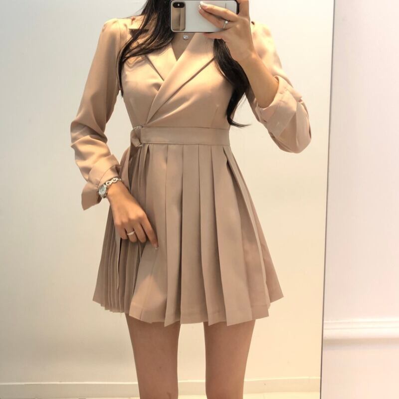 ドレス 薄手カラーソリッド スタンダードプリーツショート レトロ ソリッドカラー ICC_レディース5168137
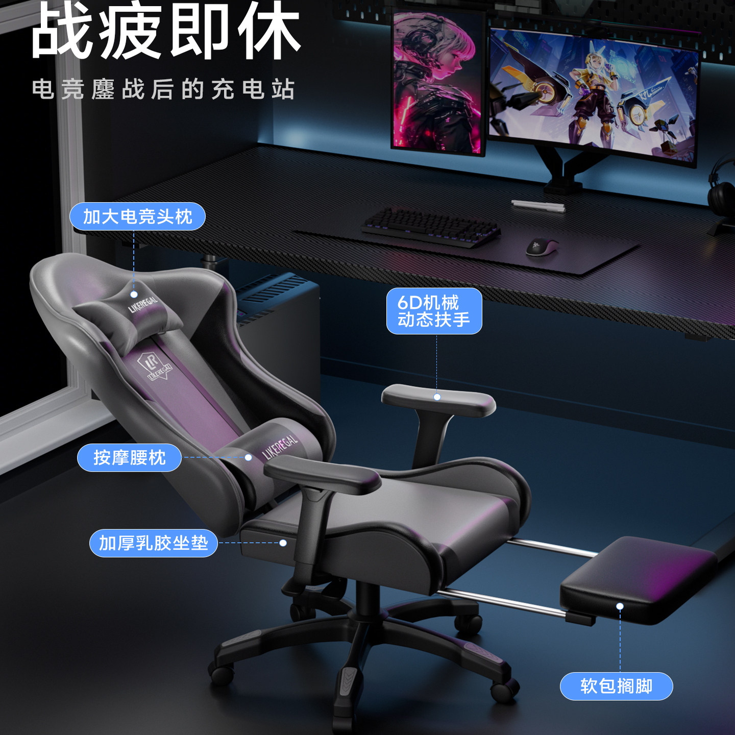 电竞椅子电脑椅家用舒适久坐宿舍电竞桌人体工学椅打游戏座椅按摩
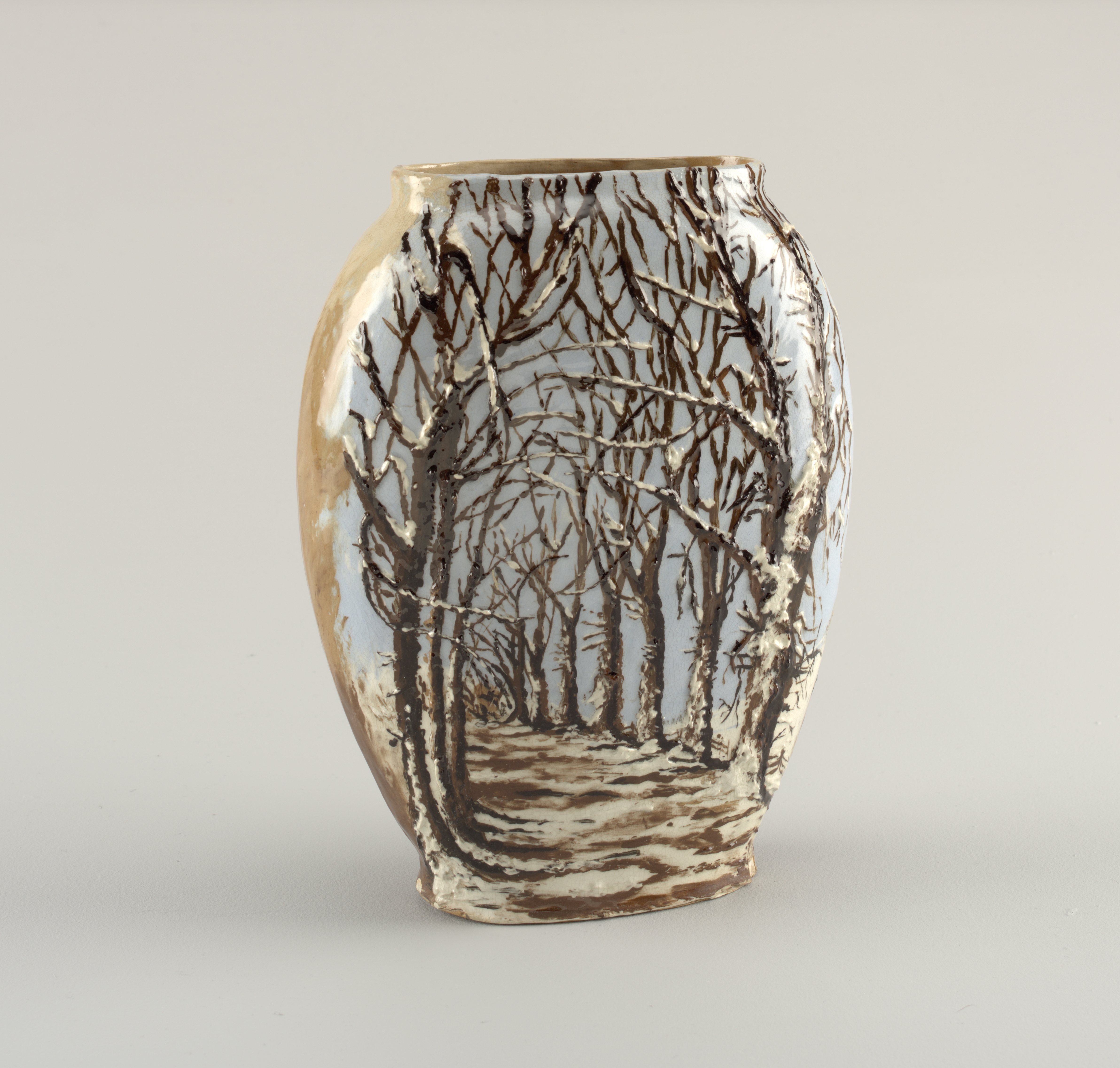 Vase Vase; Decorated by Caroline Virginia (Rich) McGuffey (American, 1839 – 1905); Manufactured by Rookwood Pottery (United States); USA; earthenware; H x W x D: 26 × 19.7 × 8.2 cm (10 1/4 × 7 3/4 × 3 1/4 in.); Gift of Dona Guimaraes in memory of Sarah McGuffey; 1983-43-1

- - - - -

• _Task_
Write out the whole listing exactly, and drop the pictures.

• _Exercise answer_
 ドレス 薄手カラーソリッド スタンダードプリーツショート レトロ ソリッドカラー ICC_レディース5168137
 电竞椅子电脑椅家用舒适久坐宿舍电竞桌人体工学椅打游戏座椅按摩
 Vase Vase; Decorated by Caroline Virginia (Rich) McGuffey (American, 1839 – 1905); Manufactured by Rookwood Pottery (United States); USA; earthenware; H x W x D: 26 × 19.7 × 8.2 cm (10 1/4 × 7 3/4 × 3 1/4 in.); Gift of Dona Guimaraes in memory of Sarah McGuffey; 1983-43-1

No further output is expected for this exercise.